B-ALL細胞においては、B細胞分化過程で観察される免疫グロブリン遺伝子(IG)再構成とともにT細胞受容体(TCR)の再構成が生じています。これらの再構成は多様性に富むため、腫瘍クローン特異的なマーカーとしてMRD測定に用いられています3)。
IG/TCR再構成のRQ-PCRによる定量では、測定時に診断時検体の希釈系を用いて相対評価で定量します。診断時の検体が十分量ないとMRD 評価は行えません。
MRD測定の試料としては、一般に骨髄(BM)が使用されます。ただし、T-ALLおよびBCP-ALL患者のPBとBMサンプルにおいてRQ-PCR解析結果の相関性を調べた研究では、BCP-ALLではPBとBMの解析結果に大きな乖離がみられましたが、T-ALLではPBとBMの解析結果に大きな差は認めませんでした(rs= 0.849; P<0.01)4)。MRDはBMでの評価が標準ではありますが、T-ALLにおいてはPBでも代用可であると考えられます。一方で、B-ALLでは、BM採取時のPBの混入により正確なMRD評価ができない可能性があるため注意が必要であると考えられます。
『造血細胞移植ガイドライン 急性リンパ性白血病(成人)(第3版)』では、「MRD検出のためには良好な骨髄検体が必須であり、骨髄穿刺の最初の吸引2~3mlを提出する必要がある。」と解説されています2)。
MRDの測定法にはさまざまな種類がありますが、特にIG/TR遺伝子を利用したIG/TR RQ-PCRは欧州を中心に広く利用されています5)。IG/TR RQ-PCRは、2007年にEuroMRDコンソーシアムによりガイドラインが公開されており5)、測定プロトコルが標準化され、定期的に品質評価試験が実施されていることが特徴です。
一方、マルチカラーフローサイトメトリーを用いた測定法は、検査者の経験や知識によってしまうことが課題でした6)。しかしこちらも、EuroFlowコンソーシアムによって2012年にプロトコルが公開され、標準化への取り組みも行われています6)。
これら以外にも、BCR-ABLの融合遺伝子転写物を標的としたRQ-PCRなどがあります7)。最近は、次世代シーケンサーを用いた高感度な評価も米国を中心に実用化されています。

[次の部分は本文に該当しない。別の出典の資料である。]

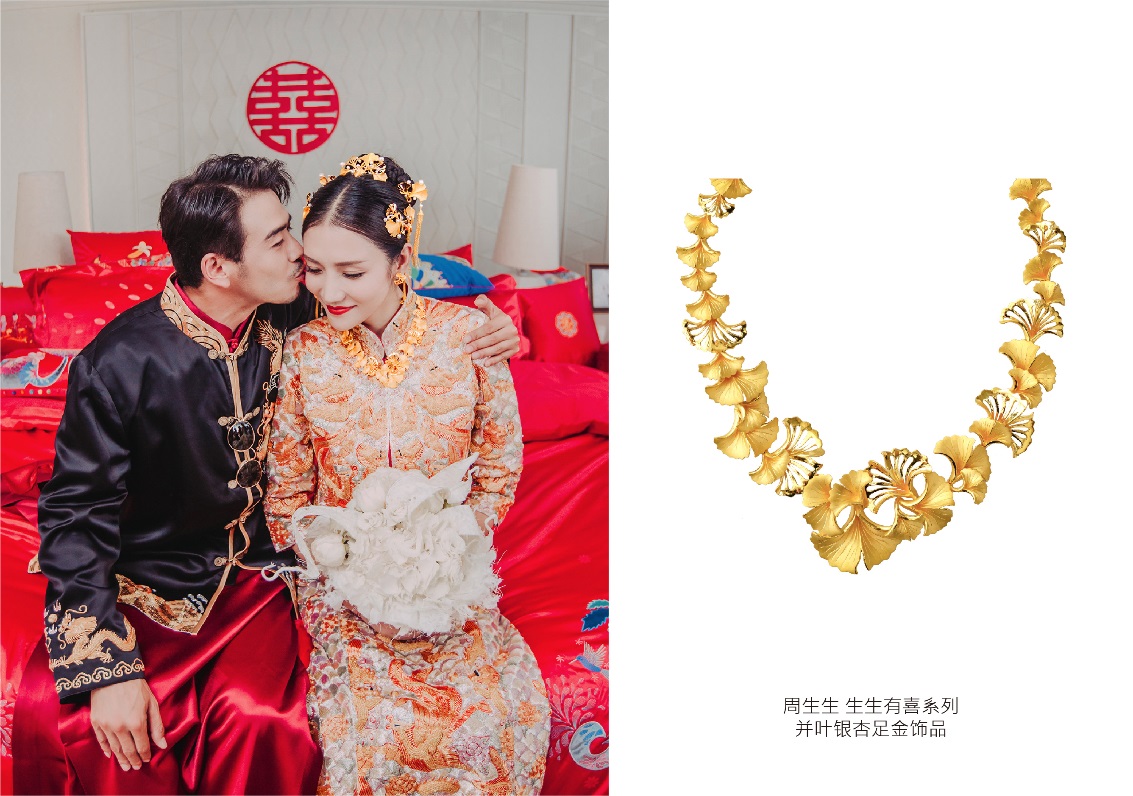 良辰吉時,鳴鳳鏘鏘。每一個喜字,每一抹紅色,都將成為這場愛情的最好詮釋。迎親環(huán)節(jié),楊爍夫婦兩人身著中式禮服,金色圖騰配以富貴花朵刺繡,與生生有喜系列并葉銀杏足金項鏈及耳環(huán)相輔相成,搭配新娘清麗的妝容,散發(fā)著中國女性傳統(tǒng)古典的東方美。鳳冠霓裳,纓絡垂旒,配上生生有喜系列足金龍鳳手鐲,經(jīng)典的搭配亦不失傳承的意義,寓意龍鳳呈祥,成雙成對。

ALLにおけるMRDは測定のタイミングによらず予後と相関するとされていますが、診療報酬点数表において「D006-13 骨髄微小残存病変量測定」の「2. モニタリングに用いるもの」では「初発時と再発時にそれぞれ2回を限度として算定できる」となっており(2023年11月現在)、算定回数に制限があることを考慮する必要があると考えられます。
測定のタイミングとしては、成人、小児ともにEOI後のMRD測定が、その後の治療方針を考えるうえでも基本にはなります。EOI時のMRD陰性化、染色体異常、WBC数が予後リスクを層別化するうえで重要な因子であり、これらをかけ合わせたUKALL予後指数がALLの予後予測に有用であると報告されています8)。『造血細胞移植ガイドライン 急性リンパ性白血病(成人)(第3版)』においても「EOI MRDは、個々の患者の同種移植適応において極めて重要な意味を持つので、この検査を適切に行う必要がある。」と記載があります2)。